伝統工芸に触れる機会が少なくなった現代だが、先人の知恵と美意識が凝縮されている品々には“日用品”も多い。東京都は、1月15~20日まで、新宿高島屋11階催会場で「第68回東京都伝統工芸品展」を開催する。東京都の伝統工芸品39点が一堂に会し、展示即売を実施する。江戸町人文化と伝統工芸の魅力を五感で体験できる機会だ。

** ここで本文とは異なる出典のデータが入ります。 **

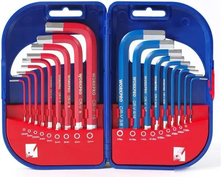 Этот набор ключей Workpro WP222037 состоит из 18 предметов, которые подойдут для различных задач. В комплект входят метрические ключи с размерами от 1,5 мм до 10 мм и SAE ключи с размерами от 1/16 до 3/8 дюймов. Все ключи выполнены из прочного материала и включают угловые шестигранные ключи для работы в узких местах. Такой набор удобно держать под рукой для ремонта и обслуживания домашней техники и автомобиля. Он позволяет быстро и точно затягивать или ослаблять гайки и болты разного размера. Разнообразие размеров делает его универсальным инструментом для дома и мастерской. Вы легко найдете нужный ключ благодаря хорошо организованной комплектации. Надежность и удобство использования обеспечивают работу без лишних хлопот. Этот набор станет полезным помощником для любого домашнего мастера.
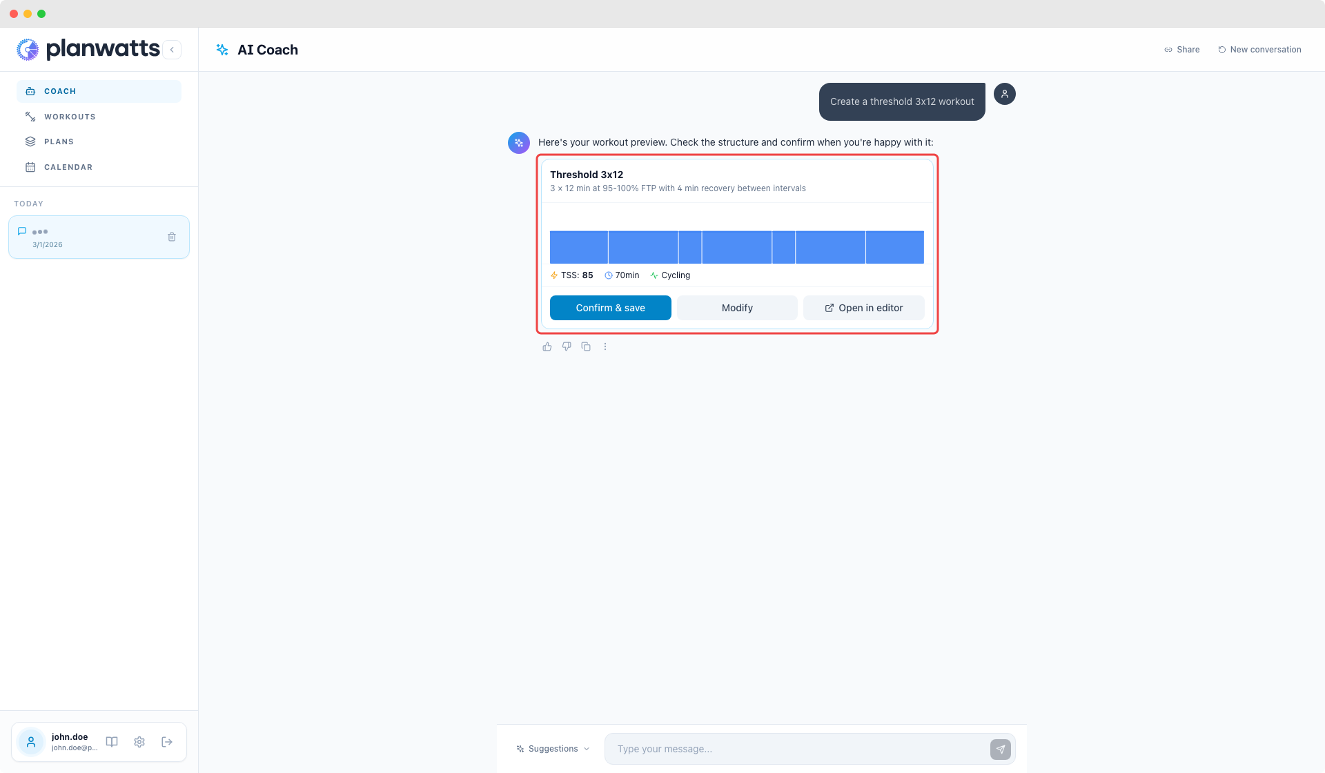 Full walkthrough in the docs: PlanWatts Docs | Training Plans

今回のテーマは「鱗(うろこ)」。日本の伝統的な文様の一つで、魔よけや厄よけの意味も持ち、邪悪なものを跳ね返す力があると信じられていたのだそうだ。また蛇のうろこを連想させるため、脱皮による「成長や繁栄」の象徴ともされており、2025年のえとである「巳年」にふさわしいデザインテーマでもある。うろこ文様は江戸時代に武士や庶民の間で広まり、着物や帯、家屋の装飾などで使用され、特に歌舞伎役者の衣装や浮世絵にもひんぱんに登場している。
職人のリアルな技術を目の当たりにできる実演ステージでは、毎日日替わりで職人が技を披露。精密な手仕事や製作プロセスを見て学んだり、職人に質問したりできるのはイベント会場ならではの体験。さらに製作体験コーナーも設置。製作体験ができる工芸品は箸置きやバッグなど日常的に使えるものばかりだから、伝統工芸品が身近に感じられるようになりそうだ。入場無料。製作体験は有料、Peatixサイトで事前予約可。